Download or read book Running Silver written by John Waldman and published by Rowman & Littlefield. This book was released on 2013-10-15 with total page 309 pages. Available in PDF, EPUB and Kindle. Book excerpt: That one could “walk drishod on the backs” of schools of salmon, shad, and other fishes moving up Atlantic coast rivers was a not uncommon kind of description of their migratory runs during early Colonial times. Accounts tell of awe-inspiring numbers of spawners pushing their way upriver, the waters “running silver,” to complete life cycles that once replenished critical marine fisheries along the Eastern Seaboard. This is a hugely important, fascinating, and unique look at the fish of North America whose history and life-cycles and conservation challenges are poorly understood.
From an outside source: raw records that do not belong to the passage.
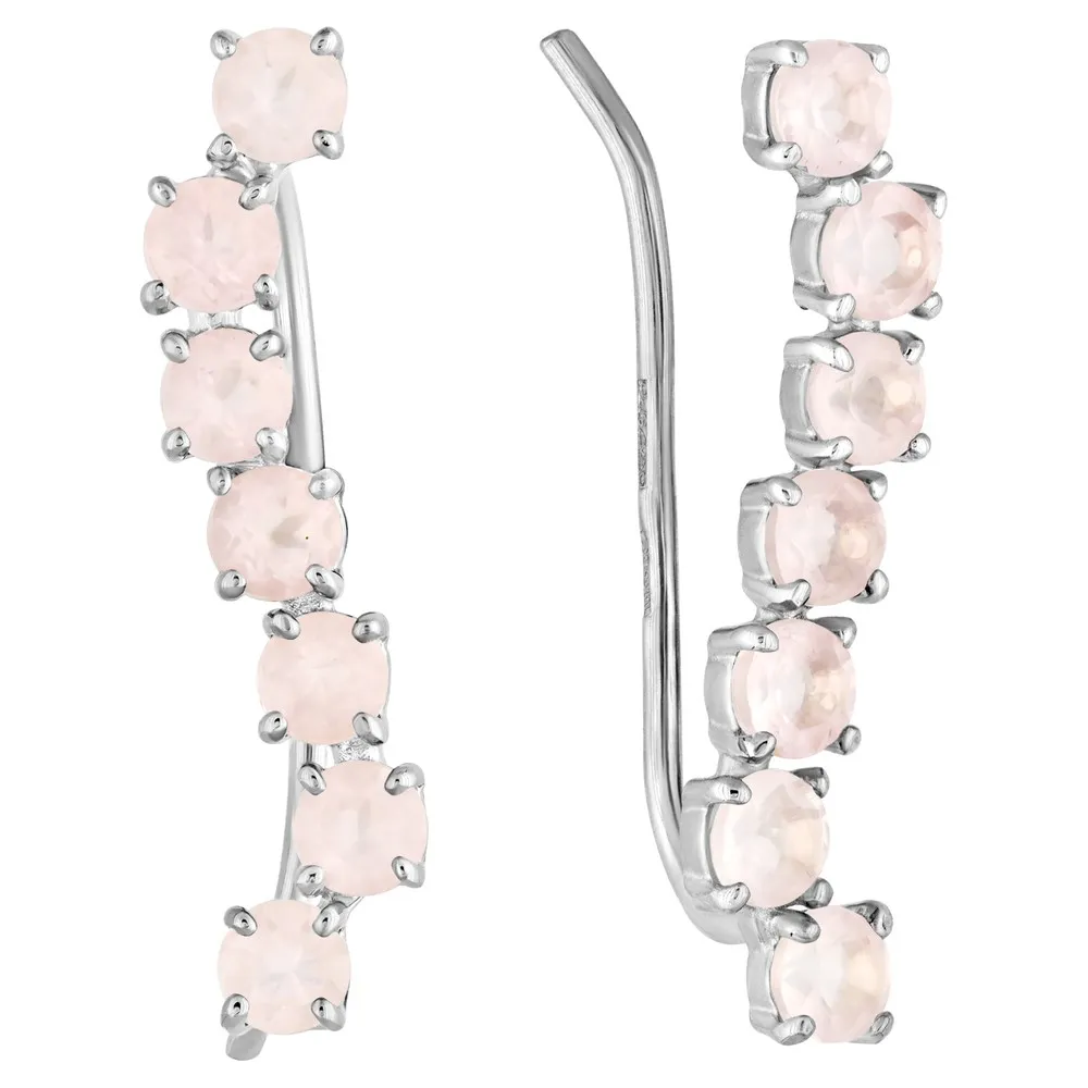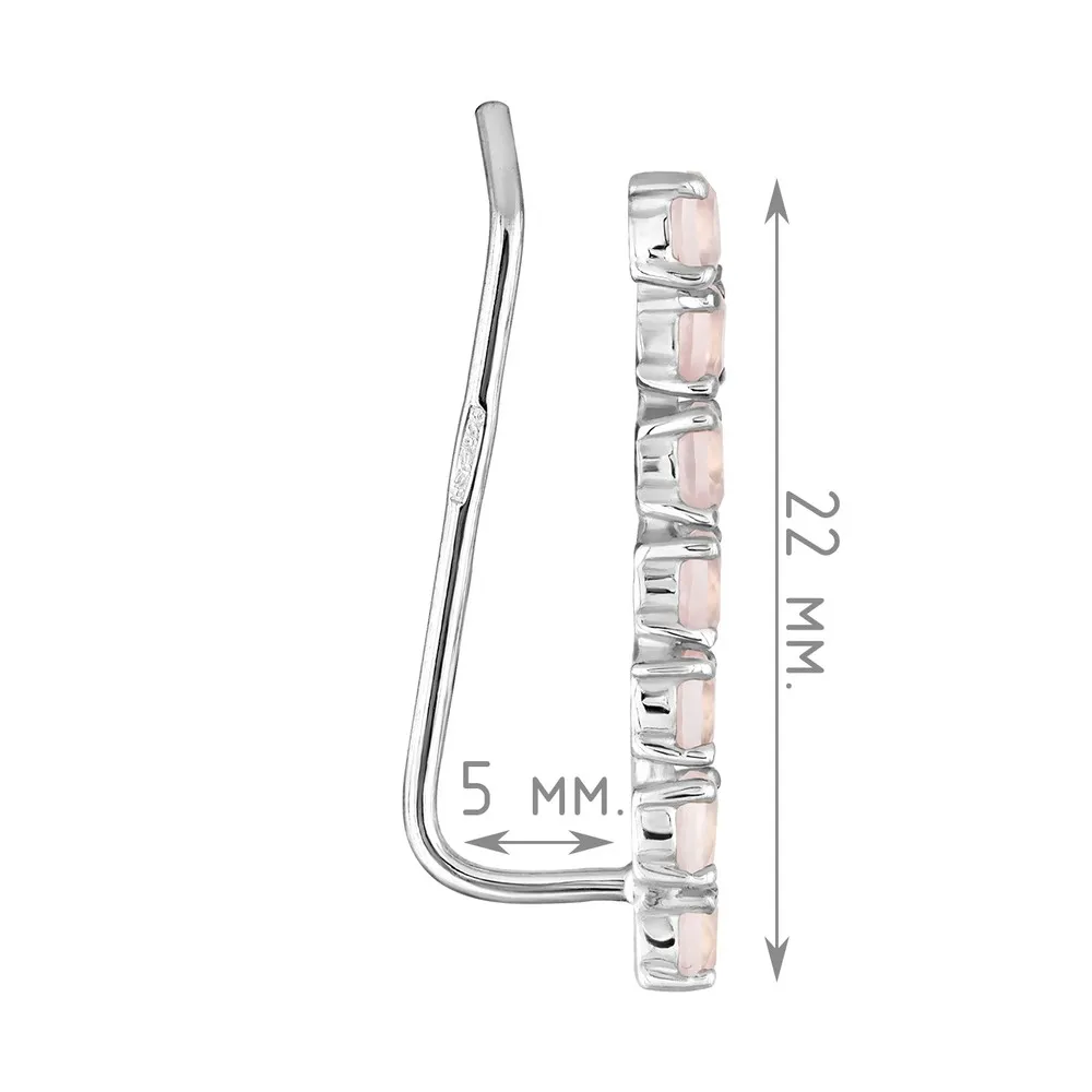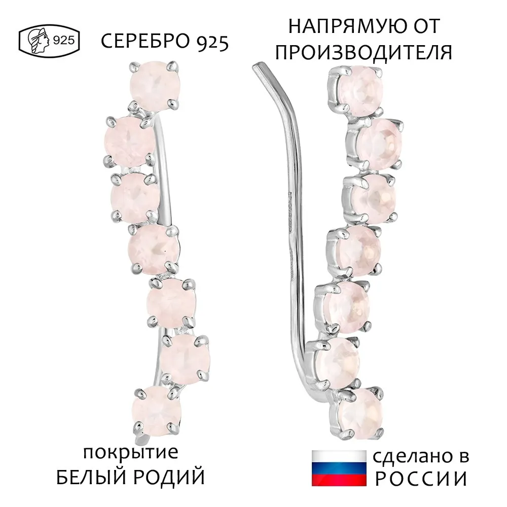 Серебряные серьги каффы с натуральным розовым кварцем - коллекция Волна / Белый Родий.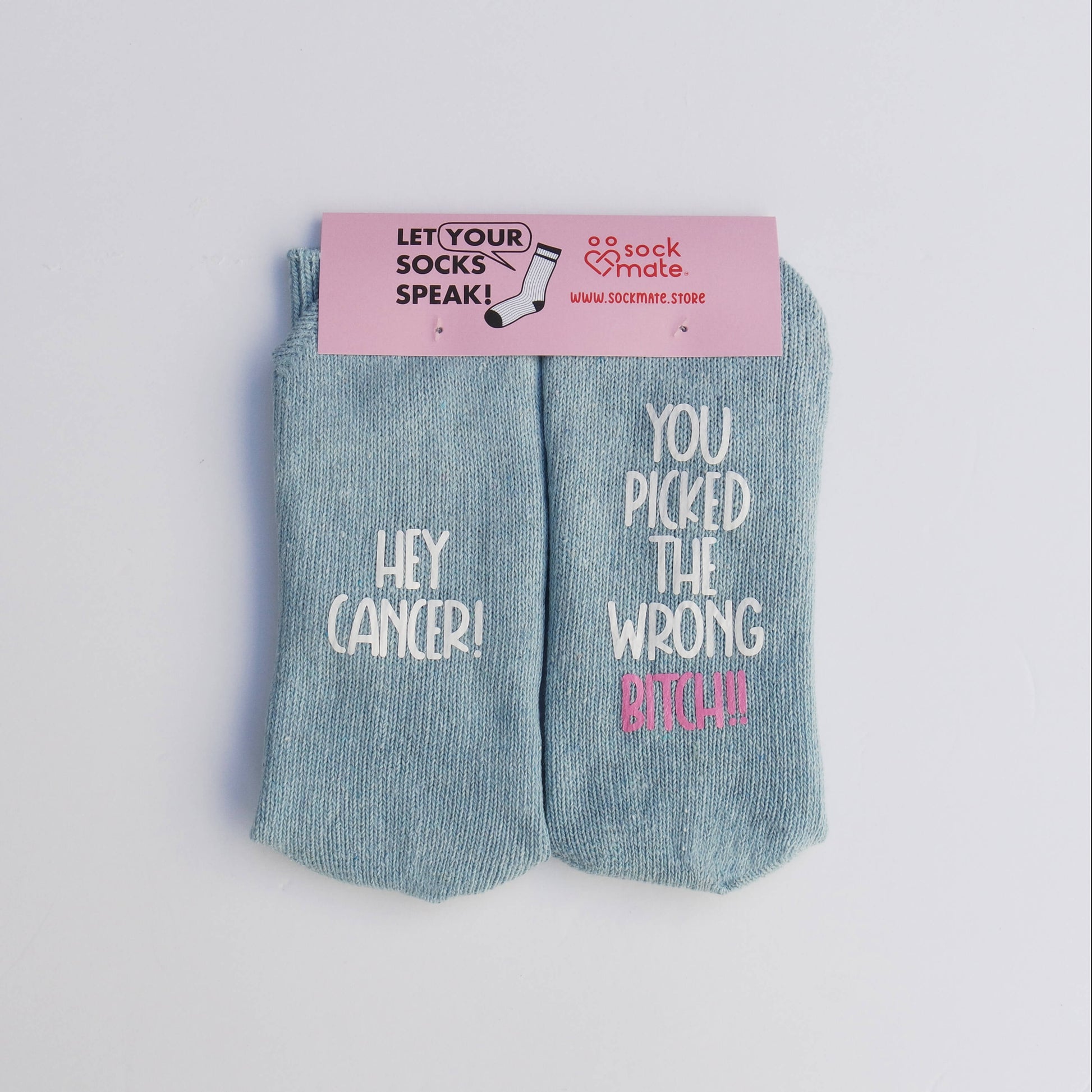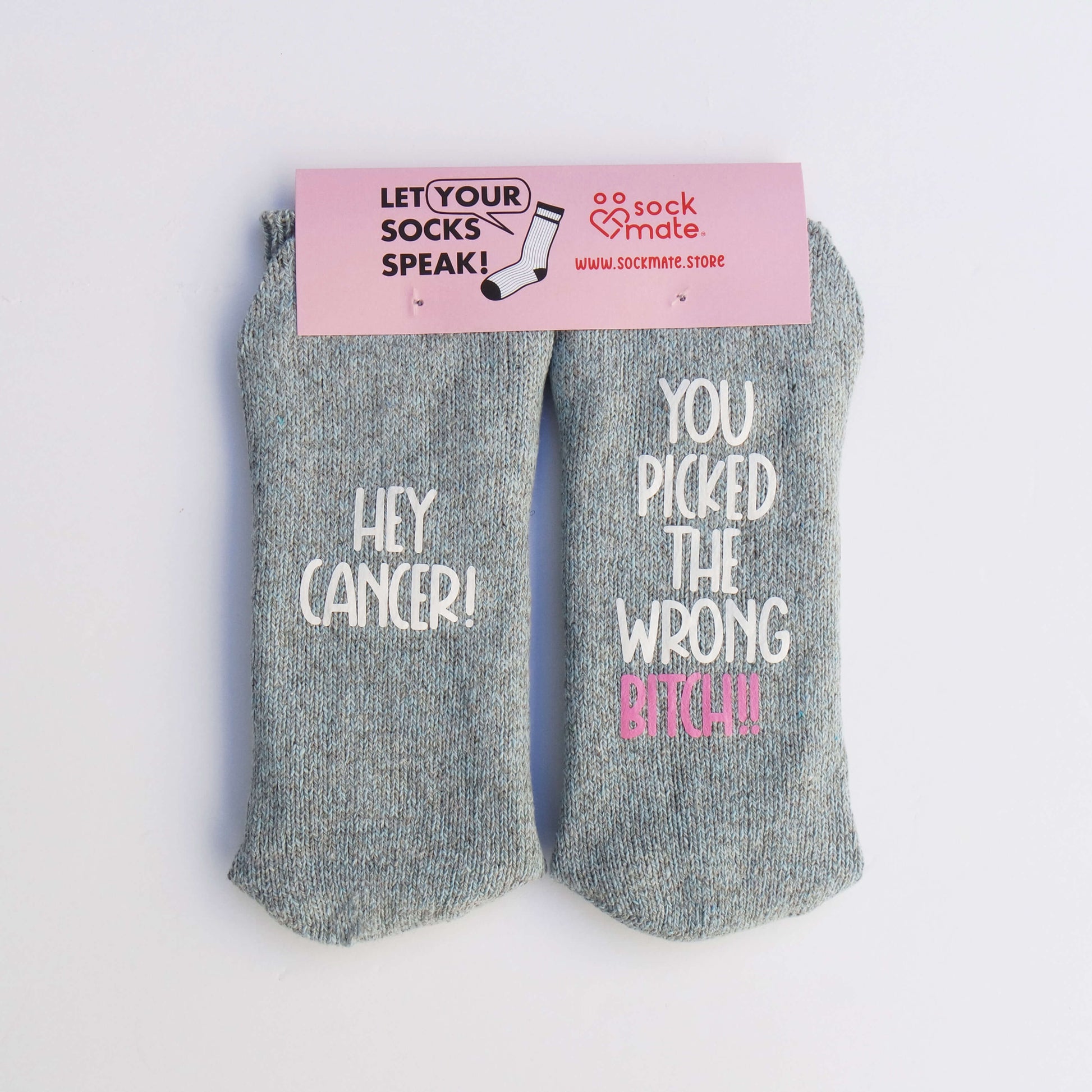 These "Dear Cancer, You Picked the Wrong Bitch" Cancer Socks are the perfect way to show your support for someone who is fighting cancer. This cancer survivor kit contains a heartfelt message about the strength it takes to fight the disease, and serves as a reminder to keep on kicking cancer's ass.
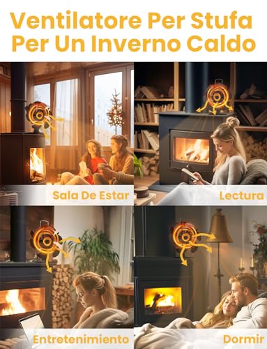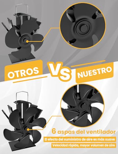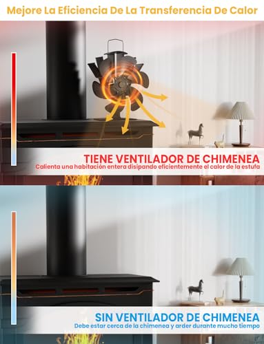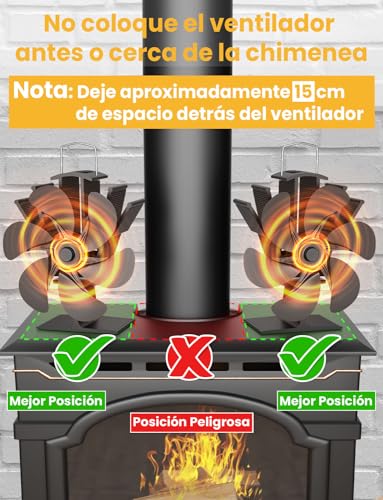 Especificaciones: DMTIVMG Ventilador de Chimenea de 6 Aspas Ventilador de Estufa Silencioso No Eléctrico y Ecológico para Estufas de Leña y Pellet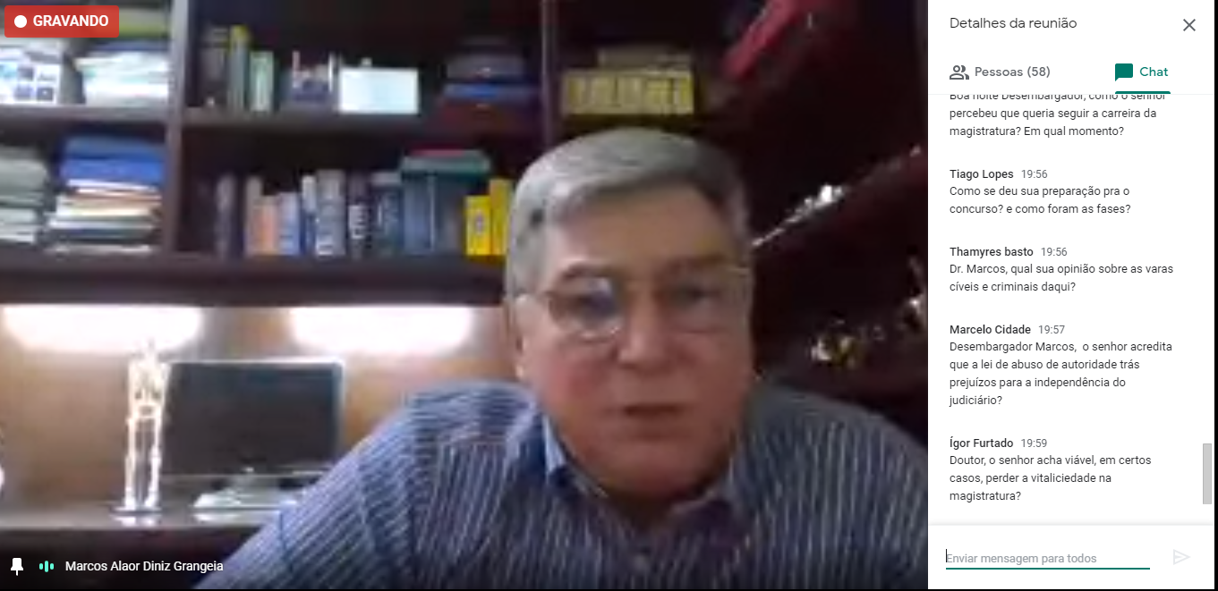 Na quarta-feira, 15, o magistrado do Tribunal de Justiça de Rondônia, ex-diretor da Emeron e atual presidente do Tribunal Regional Eleitoral do estado, desembargador Marcos Alaor Diniz Grangeia, ministrou a palestra “Magistratura: desafios e vocação”. Realizada pela plataforma Google Meet, a atividade foi voltada aos alunos e egressos da Especialização em Direito para a Carreira da Magistratura (EDCM), pós-graduação oferecida pela Emeron, universitários e demais interessados.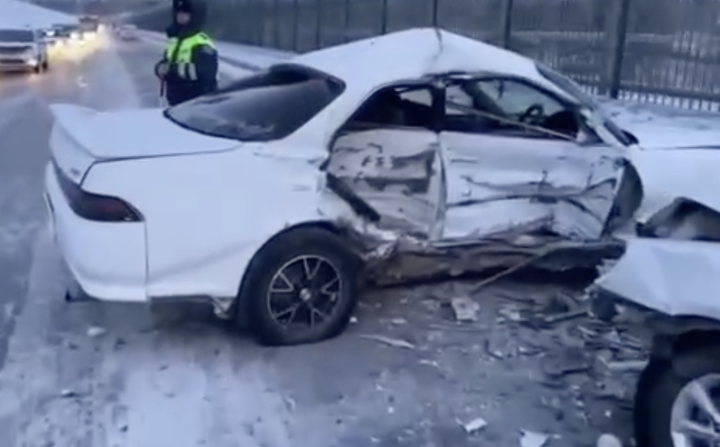 По предварительной информации, автомобиль «Тойота Марк 2», по каким-то причинам выехавший на встречную полосу, столкнулся там с другой «Тойотой» — «Премио».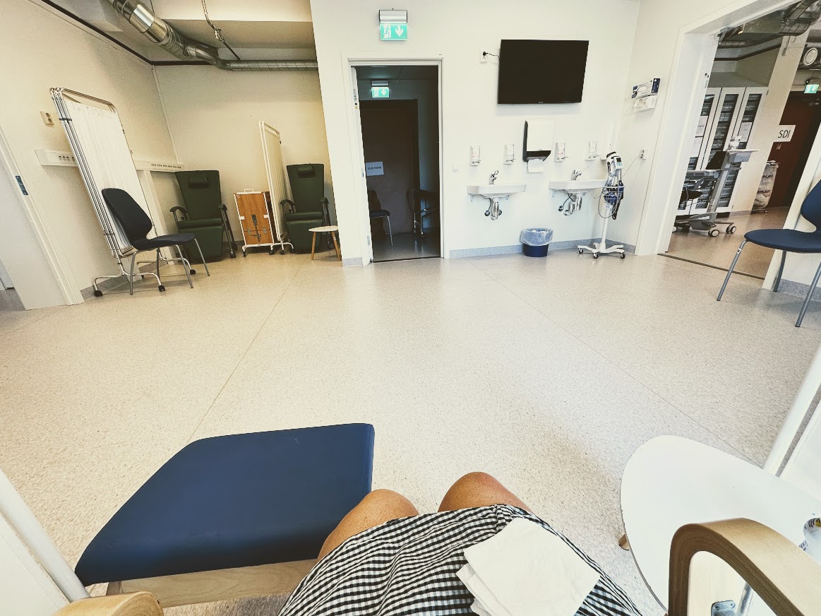 They took my vitals (temp 37.2C, BP 122/78, pulse 73 and SPO2 99%). So, I seemed fine. A urine and blood test was also taken, which turned out positive for leukocytes. My CRP was at <10 at that time. The doctor inspected my tummy and afterwards, I was injected painkiller medication (Voltaren). Hallelujah, it was effective! I was sent away, and my husband and I continued the drive to Sweden.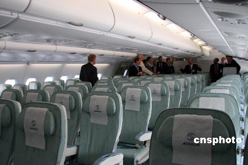 6月,空客A380在第47届巴黎国际航展上全面亮相,其中一架飞机在现场进行飞行表演,另一架则向客户开放机舱,以便其了解飞机的内部情况。图为航展客户参观A380宽大的机舱二层普通仓。巴黎航空展6月18日在巴黎北郊布尔歇机场开幕以来,“主场作战”的空中客车便大出风头,主打中型机A320、A350和巨型客机A380均获新订单。空中客车06年以来深陷麻烦。巨型客机A380的交货日期一推再推,再加上欧元持续坚挺,新增订单霸主宝座去年被波音夺回,空客被迫大规模重组。巴黎航展第一天的大批订单让空客看到再现辉煌的曙光。中新社发 钟诚 摄

Despite these primordial abundances, over the centuries these stocks were so stressed that virtually all are now severely depressed, with many biologically or commercially extinct and some simply forgotten. Running Silver will tell the story of the past, present and future of these sea-river fish. This important book will elevate public consciousness of the contrasts between the historical and the present to show the enormous legacy that has already been lost and to help inspire efforts to save what remains. Drawing on the author's thirty-year career as a scientist and educator with a passion for the native river fish of the North East, Running Silver tells the story of these endangered fish with a mix of research, historical accounts, anecdotes, personal experience, interviews, and images.